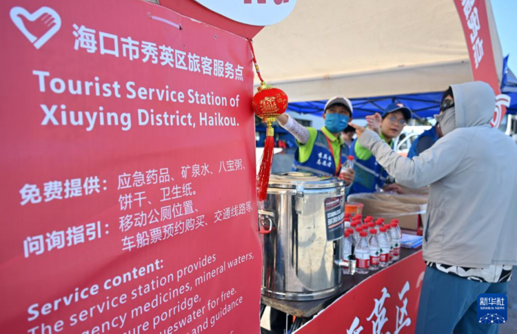 这是海口市新海港附近的一处旅客服务点(2月17日摄)。 新华社记者 郭程 摄
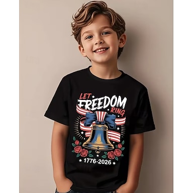 100% Coton Enfants Garçons Noir Graphique Drapeau des États-Unis 250e anniversaire T-shirt Chemisier Col Rond Manche Courte Extérieur Tenue Quotidienne Mode Streetwear Designer Impression Été
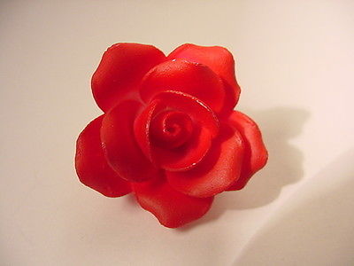 VINTAGE ITALY CAPODIMONTE PORCELAIN RICH RED ROSE FLOWER PIN BROOCH
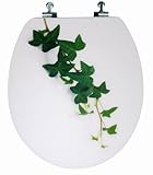 Round White GlaxitzTM Designer Toilet Seat with Green Ivy and Chromed Metal Hinges
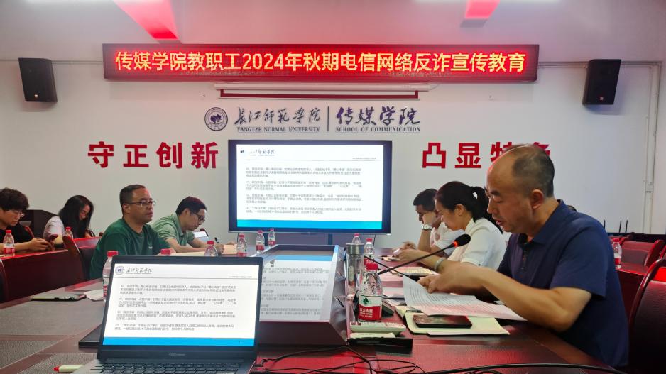 为了深入宣传和贯彻国家关于加强网络安全教育和防范电信网络诈骗的通知精神,提升教职工的防诈意识,营造安全稳定的工作环境,9月13日,传媒学院组织开展了教职工电信网络反诈宣传教育活动。宣传教育活动由学院党委副书记汪志平主持,传媒学院全体教职工参加了此项教育活动。
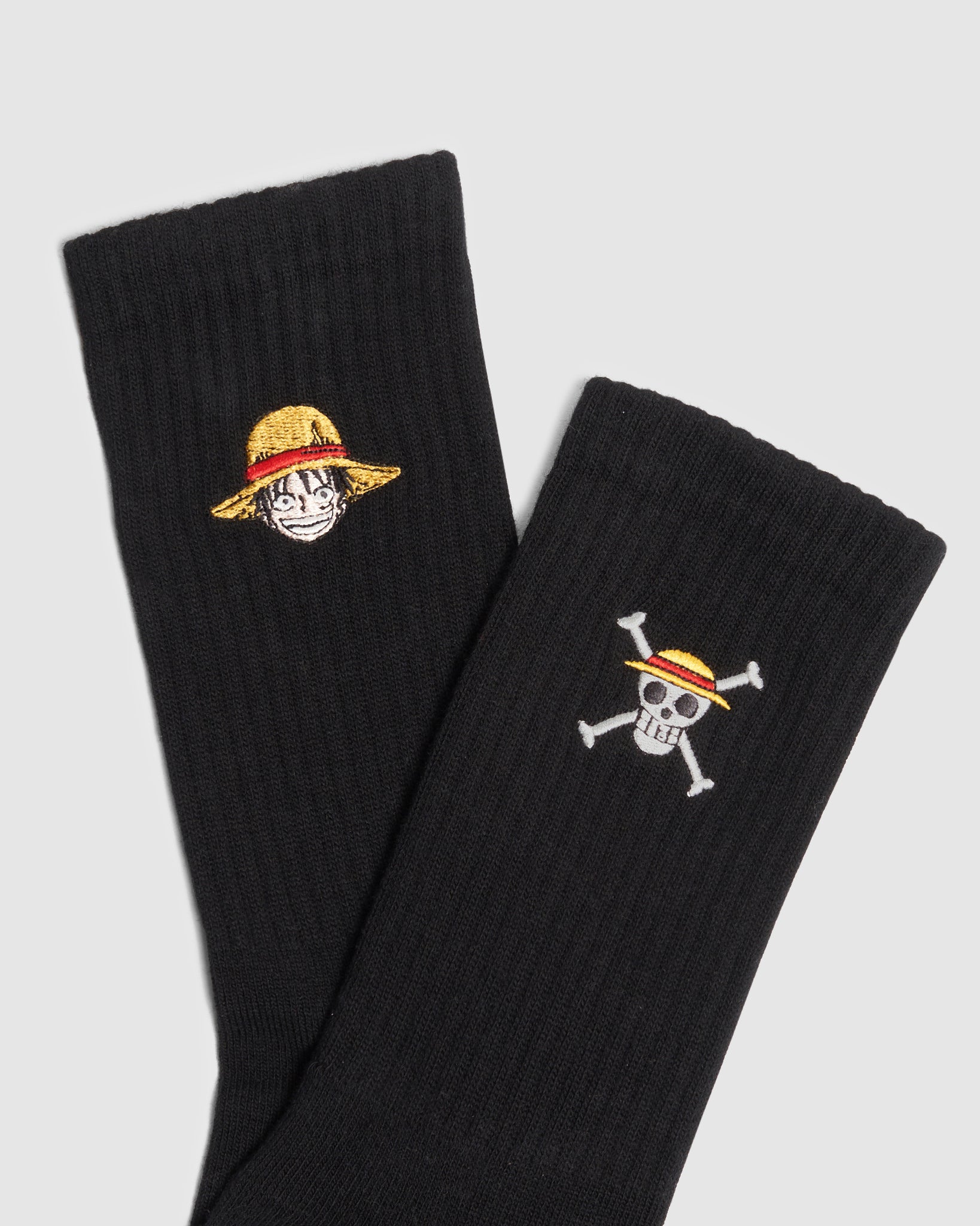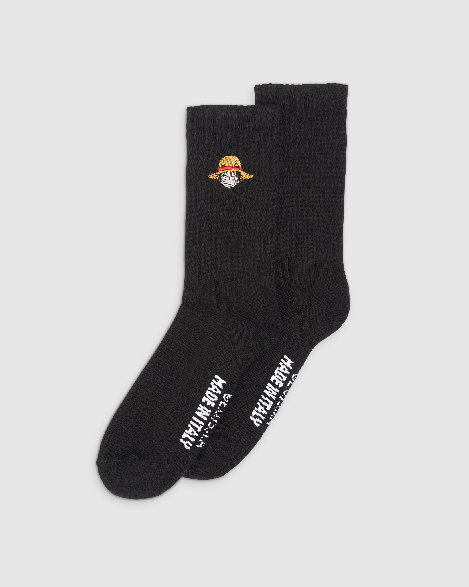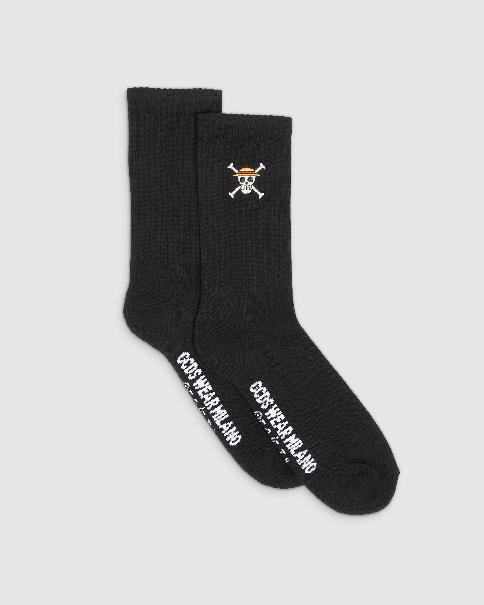 GCDS socks in cotton blend from the seasonal collab, with embroidered Mugiwara characters Luffy and Jolly Roger.
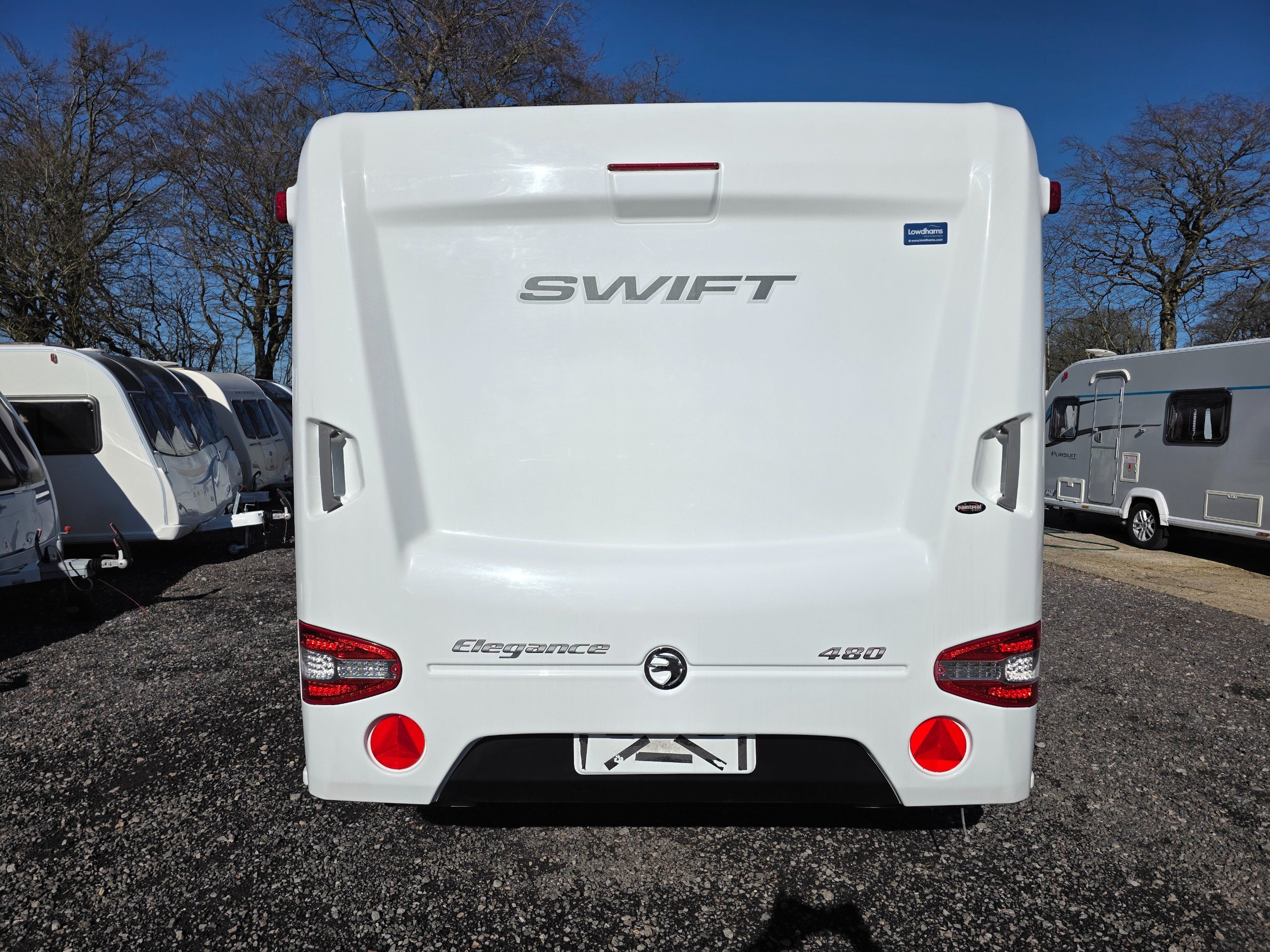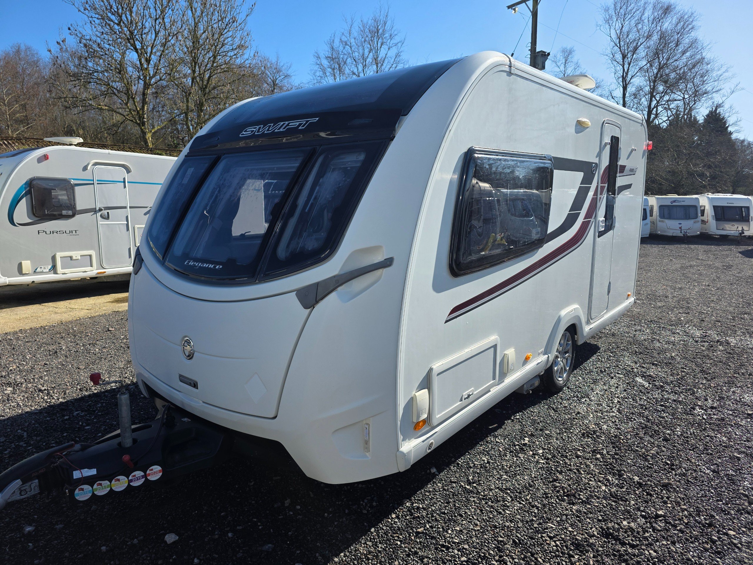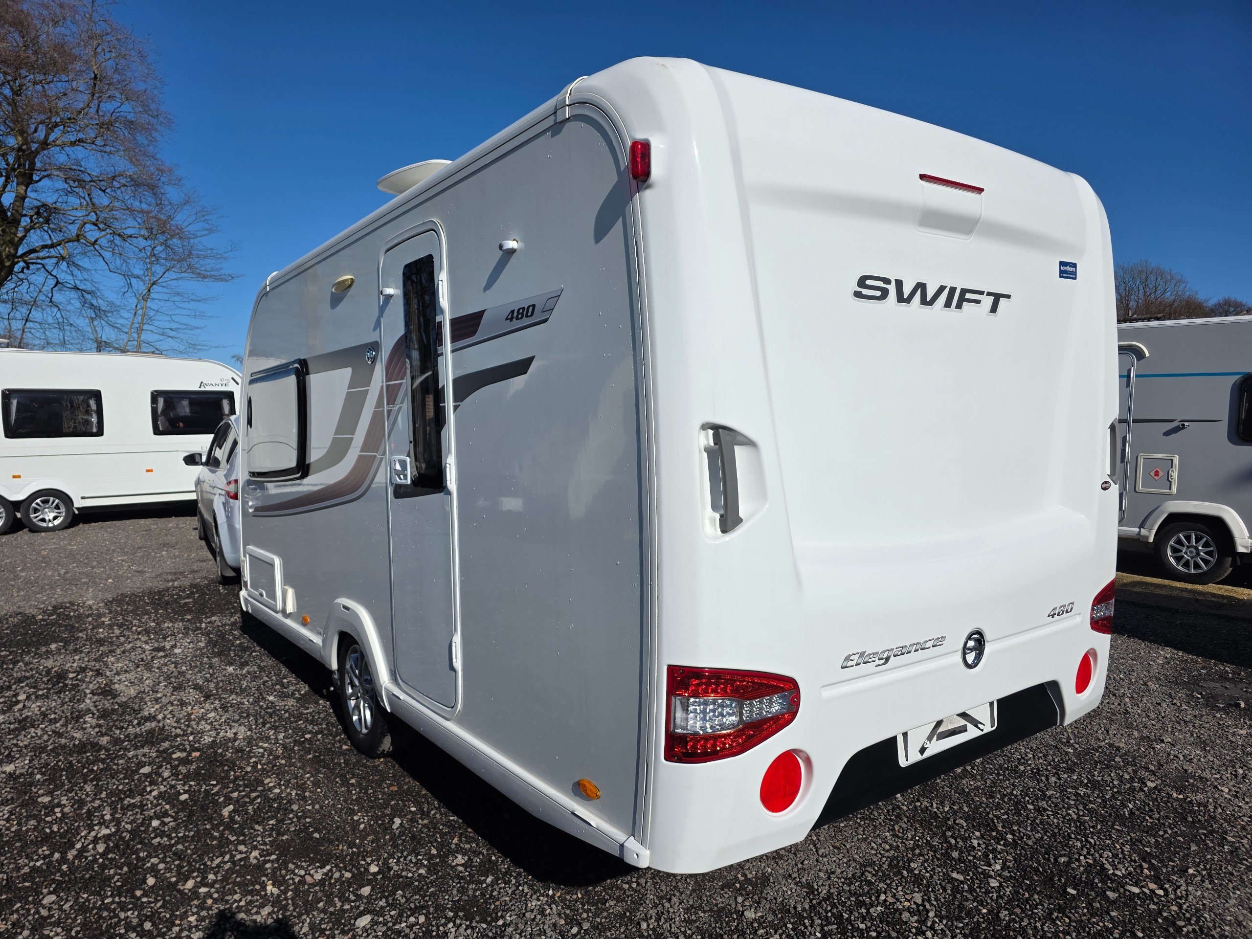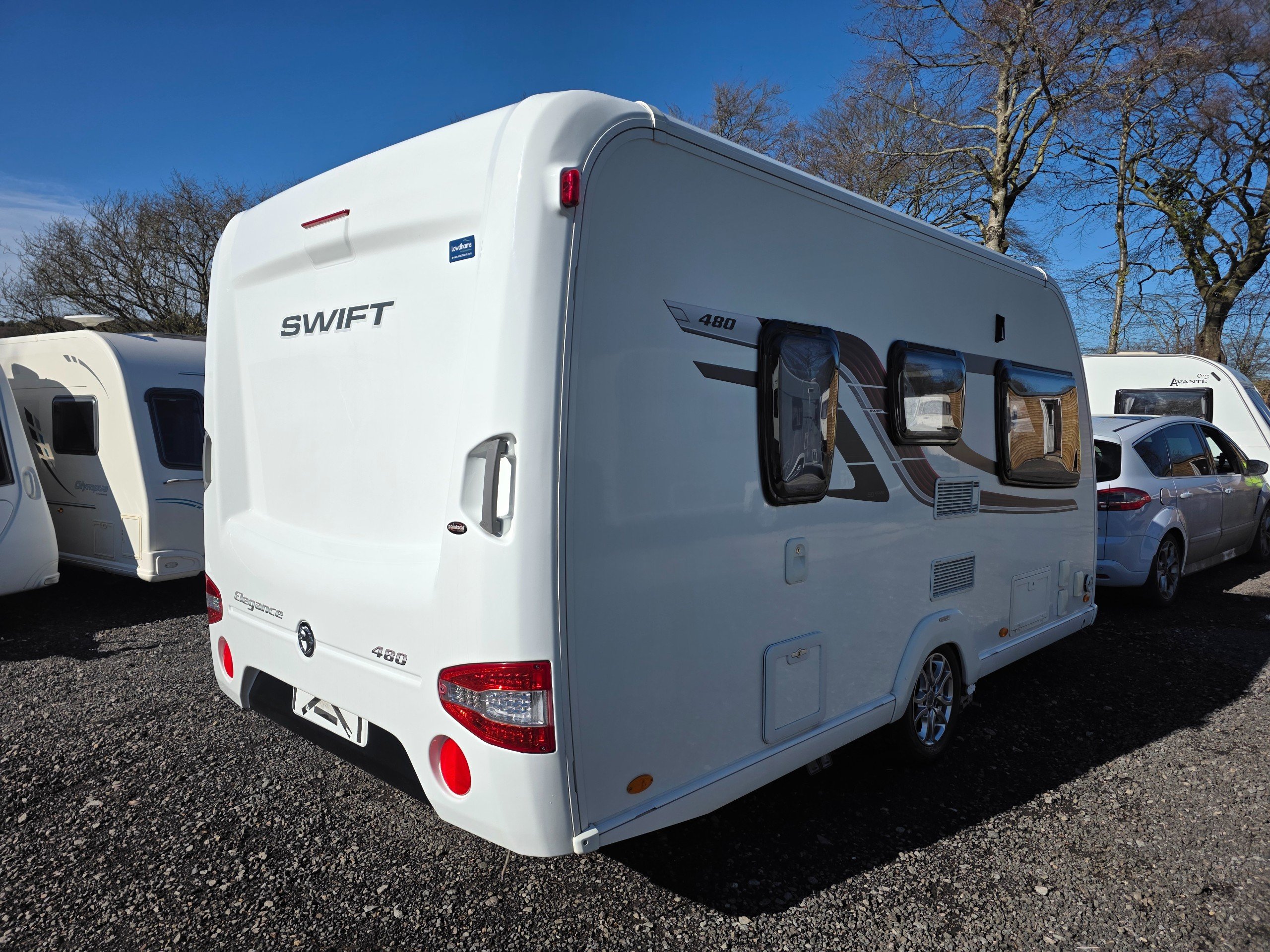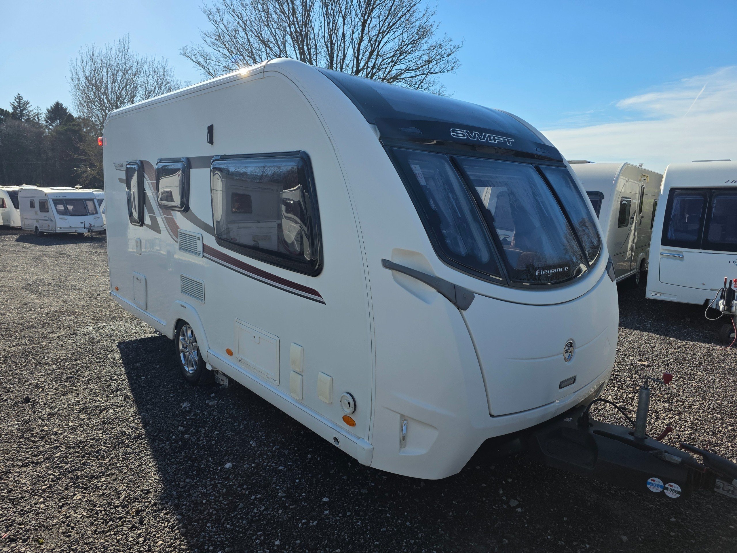 Swift Elegance 480, 50th Anniversary Edition, 2 berth 2014 caravan, in stunning condition inside and out. This caravan is fully ready to take camping, it has lots of features and extras what you would expect from a high spec caravan such as this. It includes: hot and cold water, full central heating, full screens and blinds, full oven and grill, three-way fridge/freezer, 240–12 V electricity, HEKI rooflight, Alko Antisway towbar and much more.This caravan comes with a full
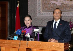 كما أعربت رئيسة الجمعية الوطنية للفيتنام عن عزمها الدفع بالعلاقات بين المؤسستين التشريعيتين إلى فضاء أرحب من التعاون والتشاور، وكذا تفعيل عمل مجموعة الصداقة البرلمانية الفيتنامية-المغربية بالجمعية الوطنية للفيتنام. وأكدت دعمها لطلب المغرب الانضمام للجمعية البرلمانية لدول جنوب شرق آسيا كعضو ملاحظ، مشيرة إلى أن “المغرب صديق كبير، والمغاربة ساهموا في تحرير الفيتنام خلال المرحلة الاستعمارية، ويوجد بهانوي باب بناه المغاربة يشهد على الإرث التاريخي المشترك بين الشعبين”.

ABOUT THIS EXERCISE ▸ Everything from the line containing "Swift Elegance 480, 50th" to the last line of the listing above must be reproduced exactly, with no pictures included.

ANSWER TO THIS TASK ▸
 Swift Elegance 480, 50th Anniversary Edition, 2 berth 2014 caravan, in stunning condition inside and out. This caravan is fully ready to take camping, it has lots of features and extras what you would expect from a high spec caravan such as this. It includes: hot and cold water, full central heating, full screens and blinds, full oven and grill, three-way fridge/freezer, 240–12 V electricity, HEKI rooflight, Alko Antisway towbar and much more.This caravan comes with a full
 كما أعربت رئيسة الجمعية الوطنية للفيتنام عن عزمها الدفع بالعلاقات بين المؤسستين التشريعيتين إلى فضاء أرحب من التعاون والتشاور، وكذا تفعيل عمل مجموعة الصداقة البرلمانية الفيتنامية-المغربية بالجمعية الوطنية للفيتنام. وأكدت دعمها لطلب المغرب الانضمام للجمعية البرلمانية لدول جنوب شرق آسيا كعضو ملاحظ، مشيرة إلى أن “المغرب صديق كبير، والمغاربة ساهموا في تحرير الفيتنام خلال المرحلة الاستعمارية، ويوجد بهانوي باب بناه المغاربة يشهد على الإرث التاريخي المشترك بين الشعبين”.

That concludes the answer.